The Lung Safe Study, a large epidemiological study with data from 50 countries, showed that NIV was associated with elevated mortality when the Horovitz index (PaO2/FIO2) was <150 mm Hg (21). This agrees with the conclusion reached by earlier studies, i.e., that delayed intubation is prognostically unfavorable (4).
COVID-19: a special form of ARDS?
Evidence is accumulating that the course of hypoxemic lung injury in COVID-19 pneumonia may very well differ in various ways from that in other entities, including a greater degree of heterogeneity (1, 22, 23). In that it also goes along with damage to the vascular epithelium, and therefore the danger of multiple organ failure, COVID-19 pneumonia can be viewed as a systemic disease (23).
In the initial phase, radiological imaging shows ground-glass infiltrates subpleurally and along the fissures, although the elasticity of the lung may be preserved. Hypoxemia, sometimes severe, may nevertheless already be present. This may be explained in part by loss of the capacity for hypoxia-driven vasoconstriction and by disordered regulation of perfusion, which subsequently goes along with a distinct lowering of the ventilation–perfusion ratio (low VA/Q).
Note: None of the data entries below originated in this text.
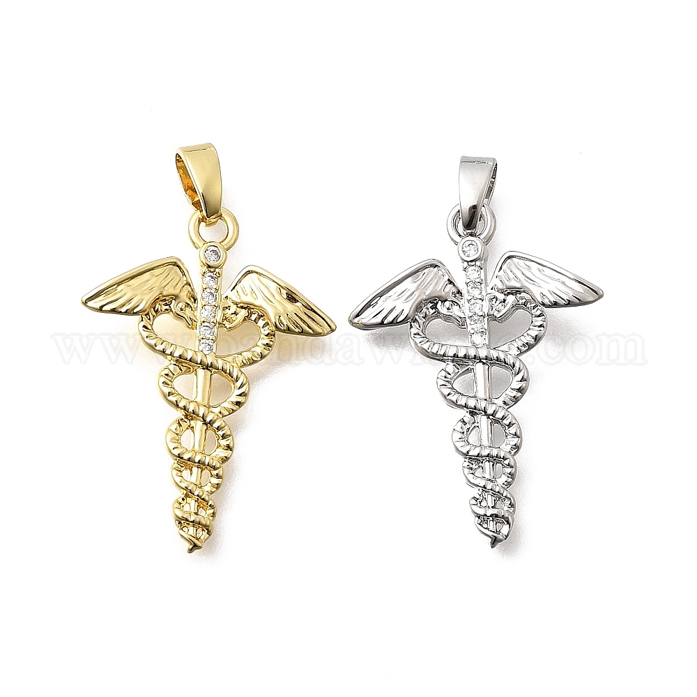 • Платина Латунные подвески с фианитами, крылья с подвесками в виде мечей, долговечный, платина, 25x13x3 мм, отверстие : 5 мм
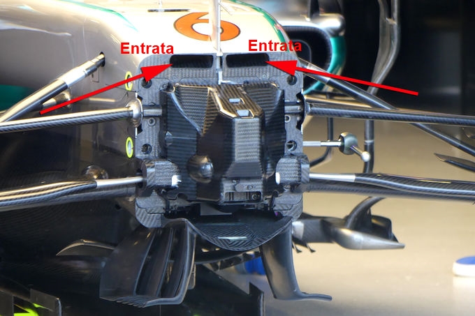 Finalmente, grazie a queste immagini dettagliate, è stato chiarita l'innovazione di cui si parlava nel pre stagione; essa è tutta rinchiusa nei due condotti a forma di S, molto meno pronunciata rispetto alle versioni i Mclaren e Force India, che risalgono all'interno del muso della W07 Hybrid. Sono tali aperture che hanno creato importanti problemi ai tecnici Mercedes nel passare positivamente il crash test frontale. Resta comunque il fatto che la superficie tolta per la creazione dei due condotti a noi non risulta molto ampia.
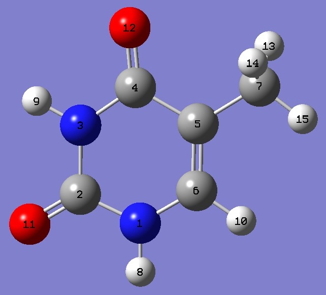 | 14N nqcc's in thymine were determined by López et al. [1]. A semi-experimental equilibrium structure (reSE) was derived by Vogt et al. [2]. |
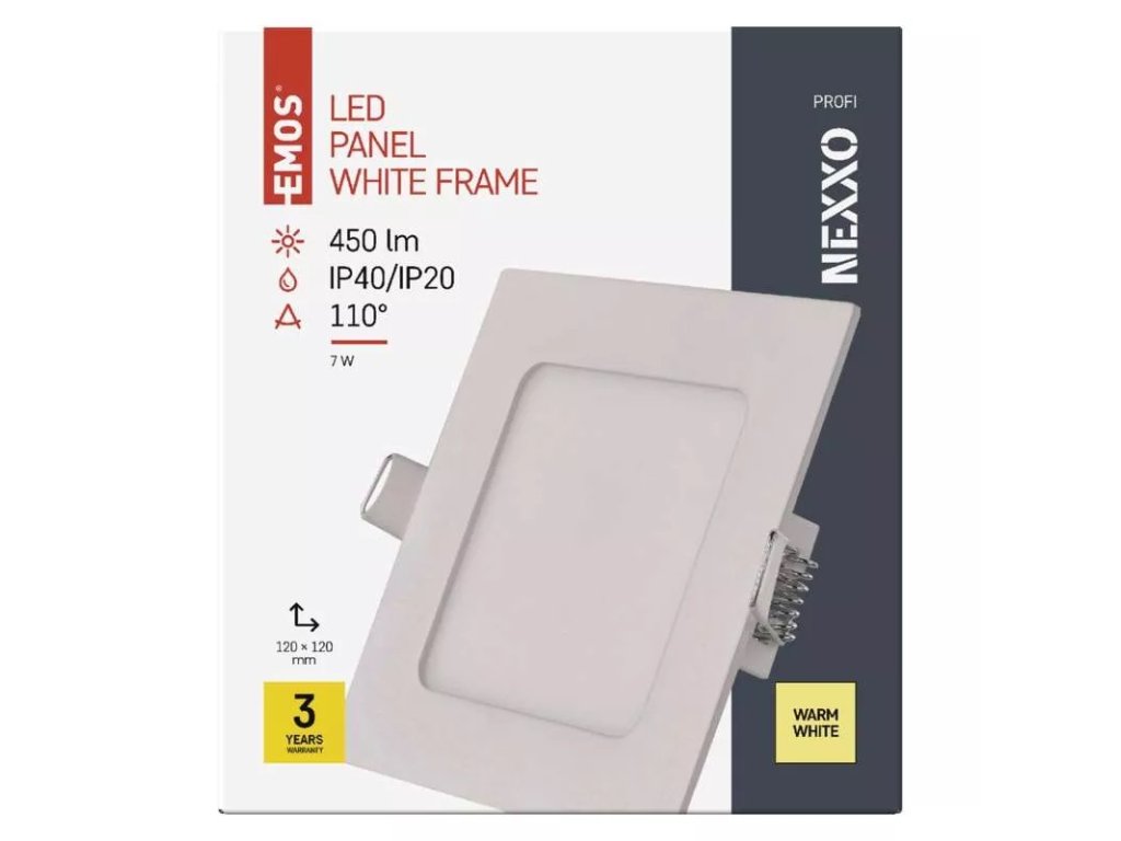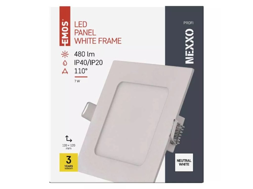 LED zápustný panel NEXXO, 12cm, 7W, štvorcový, biely
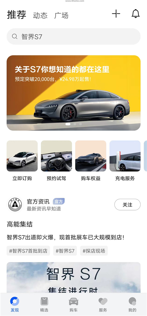 3、购车版块可以预约试驾、订购车辆,目前仅有智界 S7,还提供专属购车顾问电话;

This then corresponds to the hypothesized L type (low elastance, low ventilation to perfusion ratio, low lung weight, low recruitability) (22, 23).
Some patients go on to develop severe lung injury with extensive consolidations seen on imaging, whereby classic acute respiratory distress syndrome (ARDS) can have various causes. There is a fall in lung compliance as a result of edema formation with a decrease in the number of lung segments aerated, which is associated with a subsequent increase in right–left shunt and aggravation of hypoxemia. This corresponds to the hypothesized H type (high elastance, high right to left shunt, high lung weight, high recruitability) (22, 23). Relevant bacterial and fungal superinfections may occur.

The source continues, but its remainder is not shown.